▶ Exercise inputs:
== Segment start ==
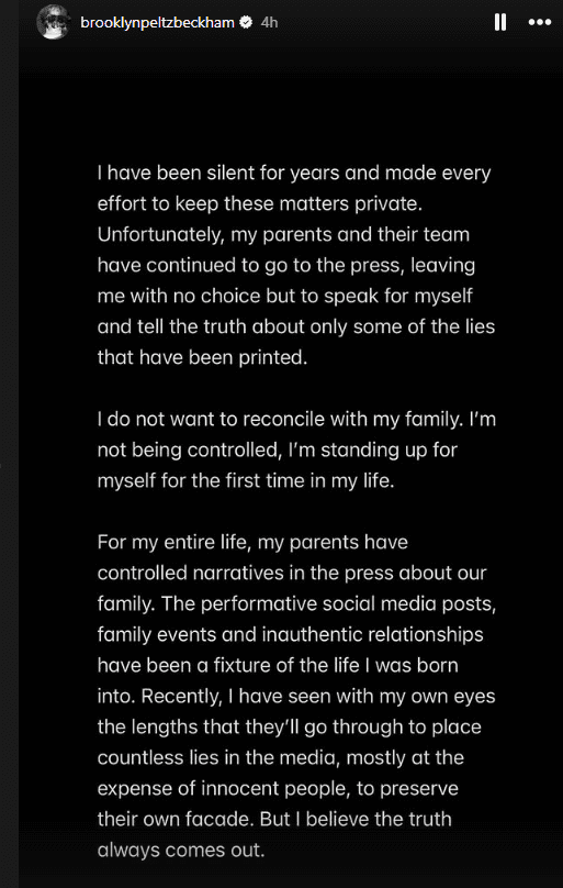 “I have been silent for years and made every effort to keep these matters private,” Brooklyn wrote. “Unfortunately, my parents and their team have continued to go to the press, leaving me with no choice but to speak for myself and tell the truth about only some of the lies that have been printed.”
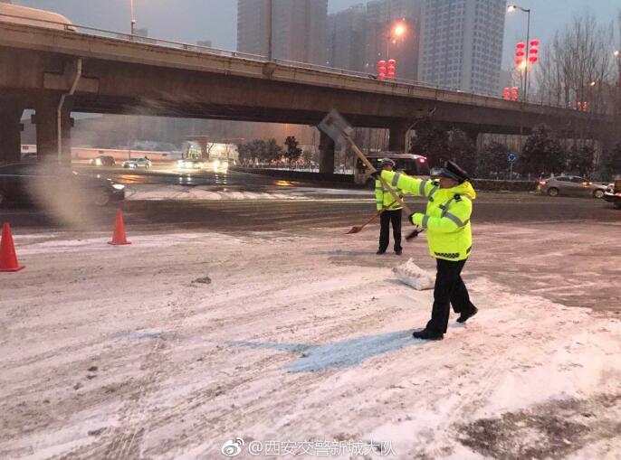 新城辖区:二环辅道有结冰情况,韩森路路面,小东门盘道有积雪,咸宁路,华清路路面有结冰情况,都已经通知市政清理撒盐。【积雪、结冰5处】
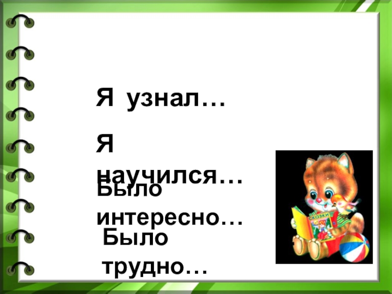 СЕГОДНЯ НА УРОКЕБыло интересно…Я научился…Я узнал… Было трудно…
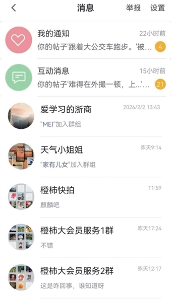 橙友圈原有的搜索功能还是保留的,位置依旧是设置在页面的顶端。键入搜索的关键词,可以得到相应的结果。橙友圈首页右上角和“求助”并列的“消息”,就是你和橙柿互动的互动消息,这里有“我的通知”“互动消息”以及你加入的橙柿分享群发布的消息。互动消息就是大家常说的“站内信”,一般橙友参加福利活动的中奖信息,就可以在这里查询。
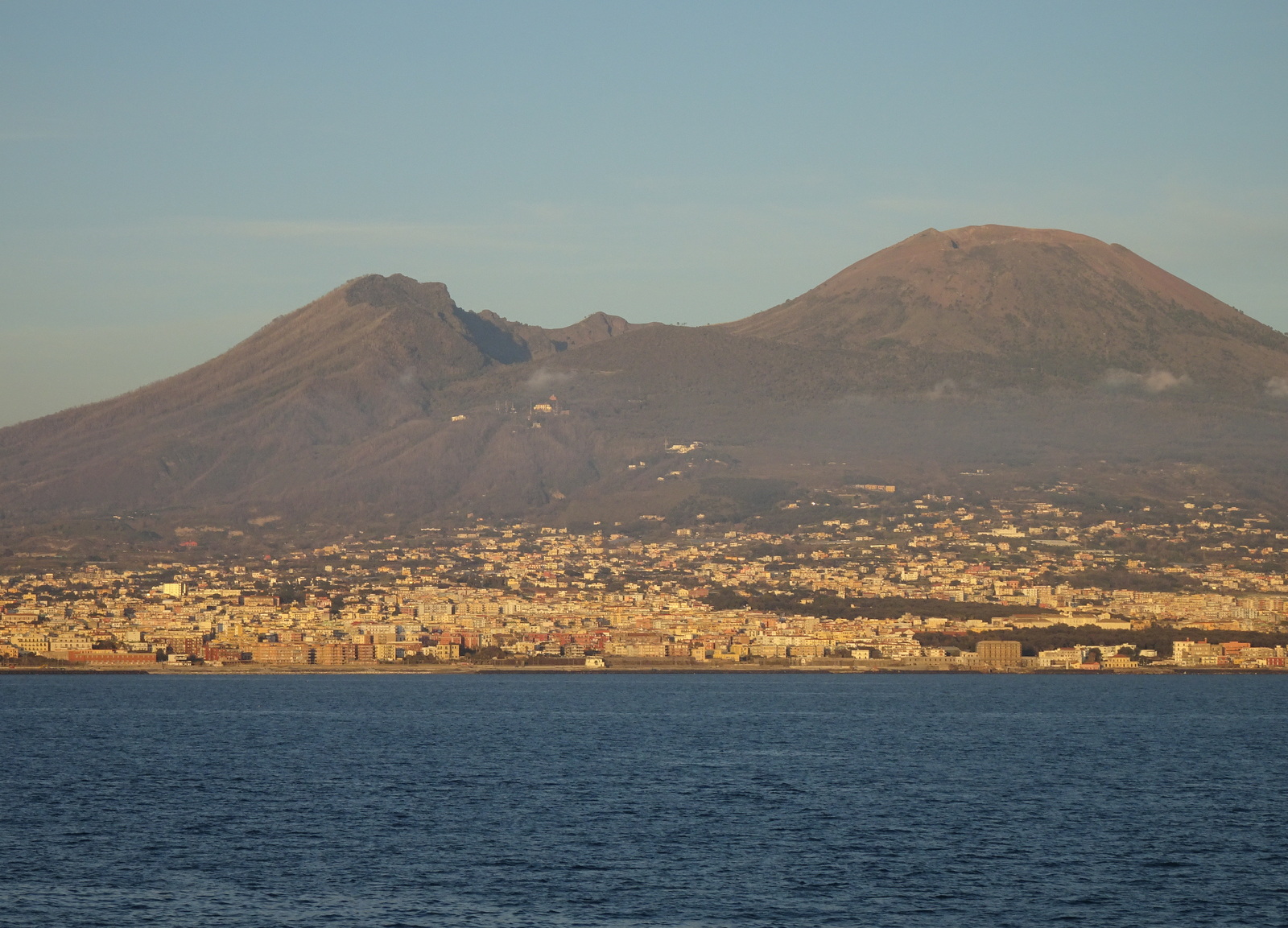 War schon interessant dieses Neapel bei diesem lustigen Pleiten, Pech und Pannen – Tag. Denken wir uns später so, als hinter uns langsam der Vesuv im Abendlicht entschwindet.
== Segment end ==
▶ Your goal: Leave the pictures aside and print exactly, and only, the lines from the one with "СЕГОДНЯ НА УРОКЕБыло" through the end of the data, both included.

▶ Exercise result:
 СЕГОДНЯ НА УРОКЕБыло интересно…Я научился…Я узнал… Было трудно…
 橙友圈原有的搜索功能还是保留的,位置依旧是设置在页面的顶端。键入搜索的关键词,可以得到相应的结果。橙友圈首页右上角和“求助”并列的“消息”,就是你和橙柿互动的互动消息,这里有“我的通知”“互动消息”以及你加入的橙柿分享群发布的消息。互动消息就是大家常说的“站内信”,一般橙友参加福利活动的中奖信息,就可以在这里查询。
 War schon interessant dieses Neapel bei diesem lustigen Pleiten, Pech und Pannen – Tag. Denken wir uns später so, als hinter uns langsam der Vesuv im Abendlicht entschwindet.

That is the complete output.